ESP32 is a microcontroller with integrated Wi-Fi and Bluetooth capabilities. In the video, it is used as the central processing unit for the standalone voice assistant project, demonstrating its ability to handle tasks such as speech-to-text conversion and interfacing with microphones and speakers.

💡Chat GPT

Chat GPT seems to be a reference to a chatbot or AI assistant technology, possibly a variant of GPT (Generative Pre-trained Transformer). The script mentions using 'chat GPT' APIs for creating a voice assistant, indicating the use of advanced AI for natural language processing and response generation.

💡Speech-to-Text Conversion

This refers to the process of converting spoken language into written text. The video's main theme revolves around teaching viewers how to implement this functionality using Google Cloud services, which is essential for creating a voice assistant that can understand and process human speech.

💡Google Cloud Services

Google Cloud Services are a suite of cloud computing services offered by Google. The script discusses using Google's speech-to-text API, which is part of these services, to perform the conversion of speech into written text, highlighting its role in enabling advanced voice recognition capabilities.

💡API Key

An API key is a unique code used to authenticate requests to an API (Application Programming Interface). The script provides a step-by-step guide on how to generate an API key for Google's speech-to-text service, which is necessary for accessing and using the service within the project.

💡LTM 365

LTM 365 is mentioned as an electronics product design platform that integrates PCB design, MCad data management, and teamwork. The video is sponsored by LTM 365, and it is highlighted for its features that support the design and manufacturing process of electronic products.

💡Microphone

A microphone is a device used to convert sound waves into electrical signals.

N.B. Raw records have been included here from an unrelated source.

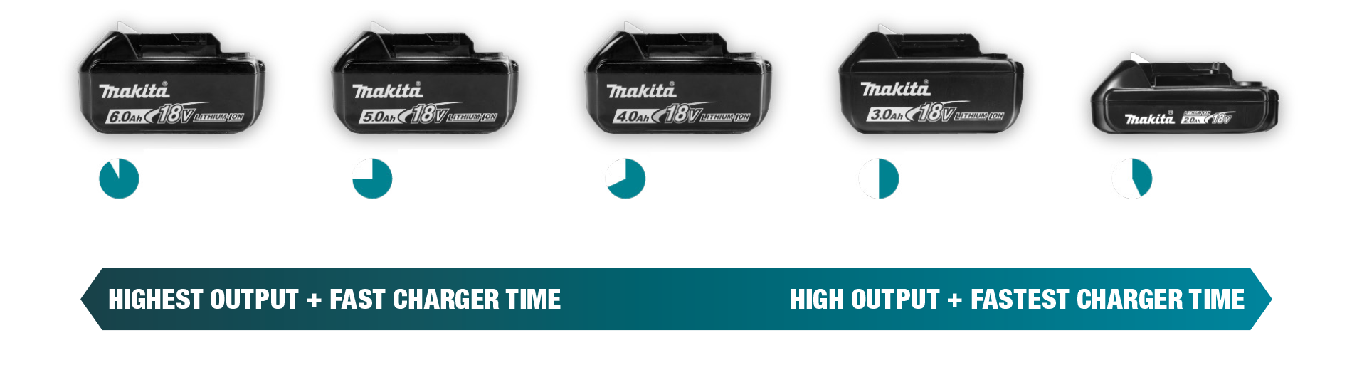 The LXT Battery delivers constant power and longer run time, even in extreme temperatures. The charger communicates with the battery’s built-in chip to optimize battery life, controlling current, voltage, and temperature. A built-in fan circulates air through the battery during the charging process to cool the battery for faster charge time.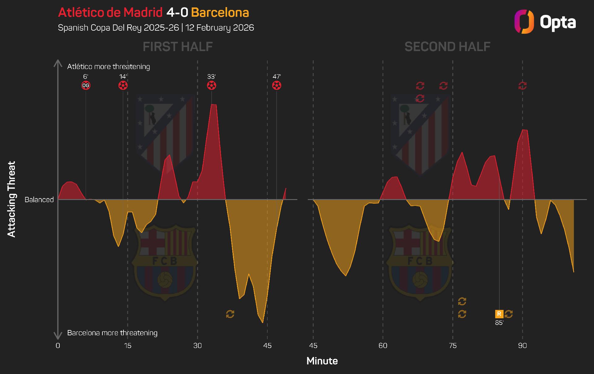 But Atletico were clinical as they played off Barcelona's high line, accumulating 2.3 expected goals (xG) from their 12 shots, eight of which were on target.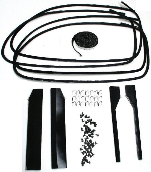 One kit services both doors. Made in U.S.A. Includes the pre-bent one sided felt (cat whiskers), felted lower metal channels with clips attached, upper felt seal and installation screws. For customers wanting the original snap in clips used on the cat whiskers, order a separate clip kit part number 48-703536-A for clips on the door body and 48-703536-B for the clips on the garnish molding.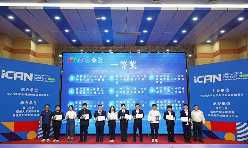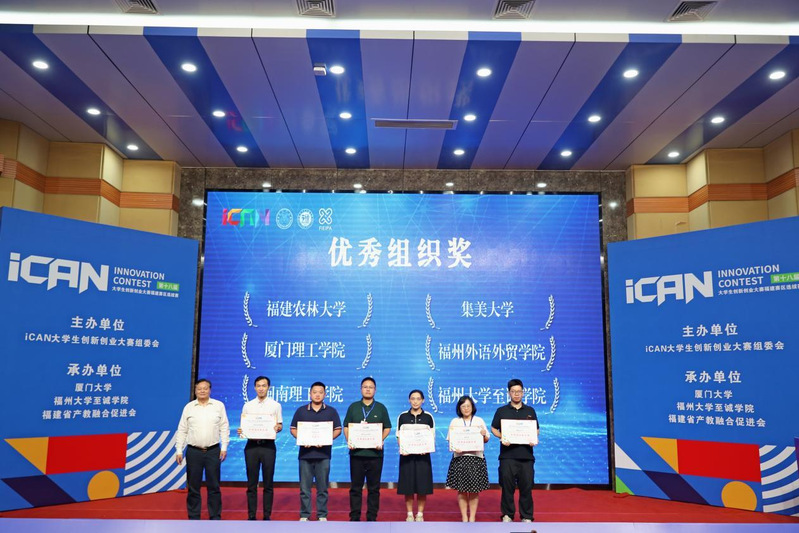 近日,第十八届iCAN 大学生创新创业大赛福建赛区选拔赛决赛成功举办。大赛吸引了厦门大学、福建农林大学等30 所高校的182 支队伍参赛,参赛队伍创历史新高。我院荣获大赛优秀组织奖,4 支参赛队伍脱颖而出,荣获创新创业类项目一等奖3 项、二等奖 1 项,获一等奖数量居福建省高校榜首。获大赛一等奖的队伍,成功晋级全国总决赛。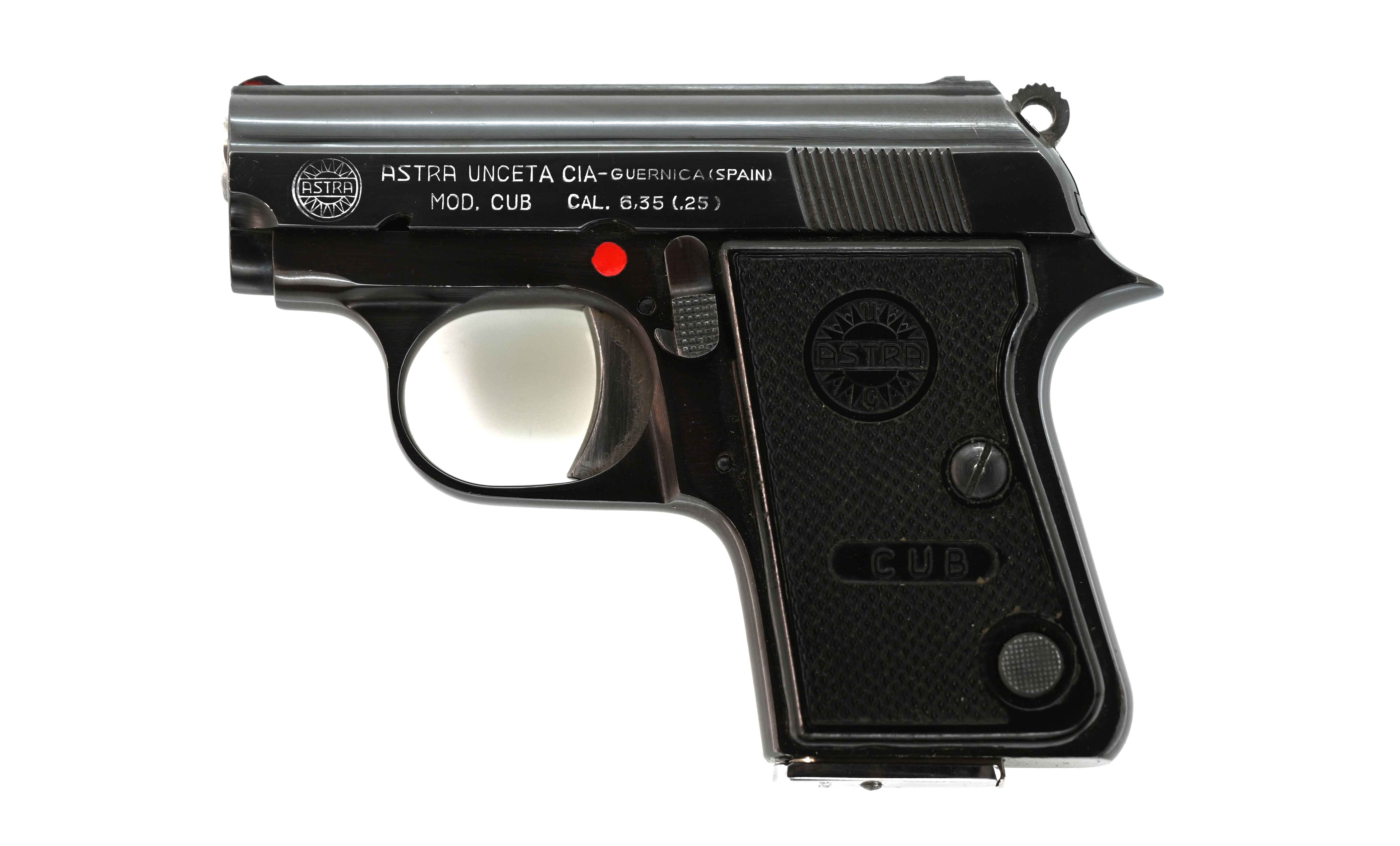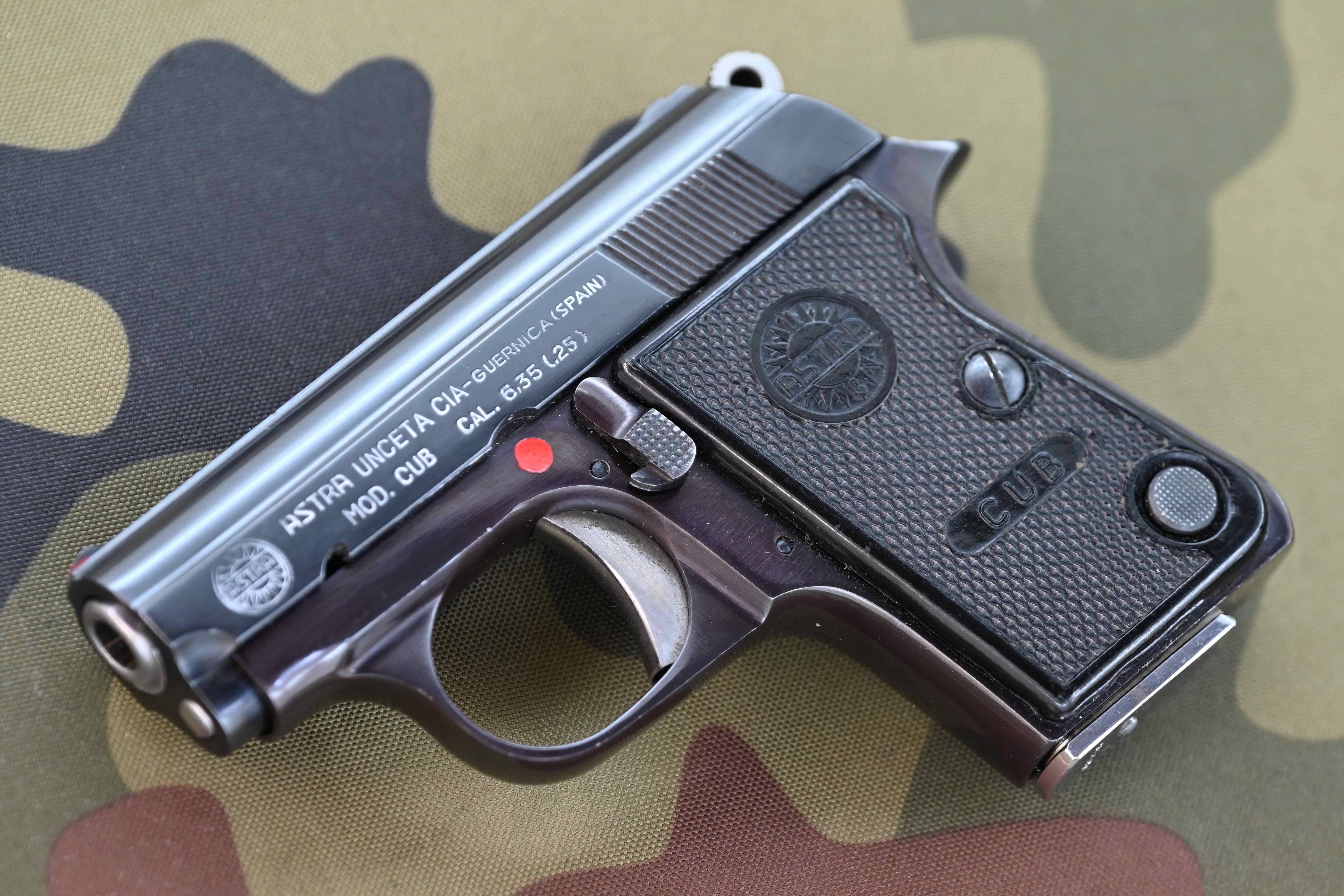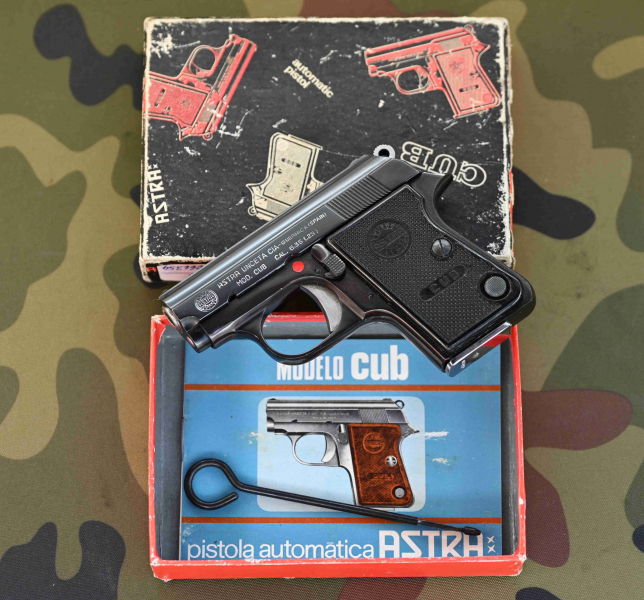 Kaliberangabe "CAL. 6,35 (.25)“ auf dem Schlitten links, gültiger spanischer Beschuss, Hersteller „ASTRA Unceta CIA-Guernica - SPAIN", diverse gültige spanische Beschusszeichen "P" auf dem Rahmen, unter der linken Griffschale, codiert-datiert "R*1" = 1973. Seriennummer "1286716". Kreisrundes Firmenlogo "ASTRA" und Modellbezeichnung "CUB" auf beiden Griffschalen. Magazinboden geprägt "ASTRA".
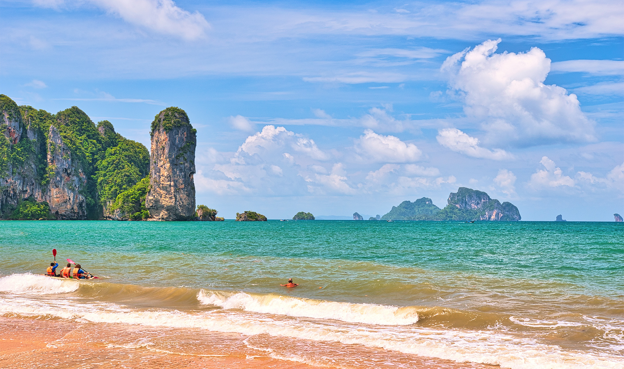 - Отправиться на водную экскурсию на длиннохвостой лодке по соседним пляжам и островам — обычно в программу включают Рейли, острова Ко Пода, Ко Туп и Куриный остров. Экскурсионные бюро ищи вдоль набережной и главной улицы Ао Нанга.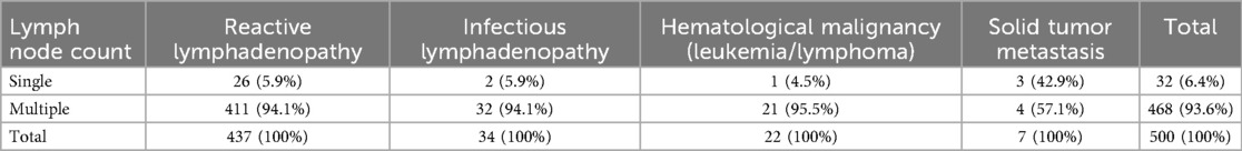 There was a significant difference between single and multiple node involvement (p = 0.001). Multiple nodes predominated among hematologic malignancies (95.5%, 21/22) and infectious lymphadenopathy (94.1%, 32/34), whereas solitary nodes were relatively more frequent in solid tumor metastasis (42.9%, 3/7) (Table 7).

In the context of the video, a microphone is essential hardware for capturing speech input for the speech-to-text conversion process, which is then used by the ESP32 to interact with the voice assistant.

💡Arduino IDE

Arduino IDE is an integrated development environment used for writing and uploading code to Arduino-compatible hardware like the ESP32. The script mentions using the Arduino IDE to write and upload the code necessary for the speech-to-text functionality, demonstrating the development process for the voice assistant.

💡JSON

JSON (JavaScript Object Notation) is a lightweight data interchange format that is easy for humans to read and write, and for machines to parse and generate. The script discusses the use of JSON format for the body of the API request and response in the speech-to-text conversion process, illustrating how data is structured and exchanged.

💡TTS (Text-to-Speech)

TTS refers to the technology that converts written text into audible speech. Although not explicitly detailed in the script, the mention of converting answers into speech suggests the use of TTS services to enable the voice assistant to 'speak' responses back to the user.

💡Language Code

A language code is a unique identifier used to specify languages in computing and internet-related protocols. The script explains the importance of setting the correct language code in the speech-to-text API request to ensure accurate speech recognition, with 'Indian English' being used as an example in the video.

Highlights

Successfully running chat, Deputy on an ESP32 board using chat, GPD APIs.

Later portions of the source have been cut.